MGS MOC Release No. MOC2-712, 30 April 2004




NASA/JPL/Malin Space Science Systems

This Mars Global Surveyor (MGS) Mars Orbiter Camera (MOC)
image shows a relatively young impact crater located in
southeastern Arabia Terra
near 4.8°N, 313.9°W.
It is about 1 kilometer (about six tenths of a mile) in diameter,
roughly the size of the famous Meteor Crater in
northern Arizona, U.S.A. Indeed, the Arizona crater may once
have looked very similar to this, but erosion on Earth has
been more vigorous than on the modern Mars. Large boulders,
many of them bigger than a typical house, can be seen
in the ejecta blanket and on the crater floor.

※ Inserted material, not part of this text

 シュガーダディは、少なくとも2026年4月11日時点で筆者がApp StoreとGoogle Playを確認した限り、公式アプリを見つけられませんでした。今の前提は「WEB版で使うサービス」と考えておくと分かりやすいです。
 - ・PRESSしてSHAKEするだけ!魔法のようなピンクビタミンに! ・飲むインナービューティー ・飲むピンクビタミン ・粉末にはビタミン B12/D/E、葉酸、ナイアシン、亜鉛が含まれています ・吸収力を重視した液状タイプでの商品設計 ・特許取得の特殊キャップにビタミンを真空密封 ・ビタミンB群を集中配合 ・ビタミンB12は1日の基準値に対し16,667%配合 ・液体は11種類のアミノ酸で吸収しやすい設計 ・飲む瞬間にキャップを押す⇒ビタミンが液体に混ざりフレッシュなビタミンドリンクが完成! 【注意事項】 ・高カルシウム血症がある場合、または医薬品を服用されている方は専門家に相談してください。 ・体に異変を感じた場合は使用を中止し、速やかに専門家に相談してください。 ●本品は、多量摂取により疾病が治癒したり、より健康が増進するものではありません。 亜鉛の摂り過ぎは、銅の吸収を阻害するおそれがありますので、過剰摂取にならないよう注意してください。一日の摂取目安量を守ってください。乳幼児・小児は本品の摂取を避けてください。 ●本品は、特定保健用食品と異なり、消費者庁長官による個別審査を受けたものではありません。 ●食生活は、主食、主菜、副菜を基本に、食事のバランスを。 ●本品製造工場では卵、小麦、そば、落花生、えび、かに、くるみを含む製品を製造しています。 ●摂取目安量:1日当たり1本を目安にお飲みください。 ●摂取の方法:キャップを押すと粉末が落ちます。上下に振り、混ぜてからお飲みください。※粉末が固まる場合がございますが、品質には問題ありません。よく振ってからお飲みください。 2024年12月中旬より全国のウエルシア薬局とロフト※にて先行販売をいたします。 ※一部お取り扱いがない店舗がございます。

Fine, bright
dust, common throughout Arabia Terra,
has thinly mantled all but the steepest slopes.
The image is is illuminated by sunlight from the left/upper left.
The picture covers an area about 3 km (1.9 mi) across.

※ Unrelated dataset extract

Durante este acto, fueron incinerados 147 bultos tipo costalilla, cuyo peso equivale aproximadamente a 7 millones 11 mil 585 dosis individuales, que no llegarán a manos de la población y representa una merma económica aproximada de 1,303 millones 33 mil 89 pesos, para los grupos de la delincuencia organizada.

Malin Space Science Systems and the California Institute of Technology
built the MOC using spare hardware from the Mars Observer mission.
MSSS operates the camera from its facilities in San Diego, California.
The Jet Propulsion Laboratory’s Mars Surveyor Operations Project
operates the Mars Global Surveyor spacecraft with its industrial
partner, Lockheed Martin Astronautics, from facilities in Pasadena,
California and Denver, Colorado.

SpaceRef staff editor.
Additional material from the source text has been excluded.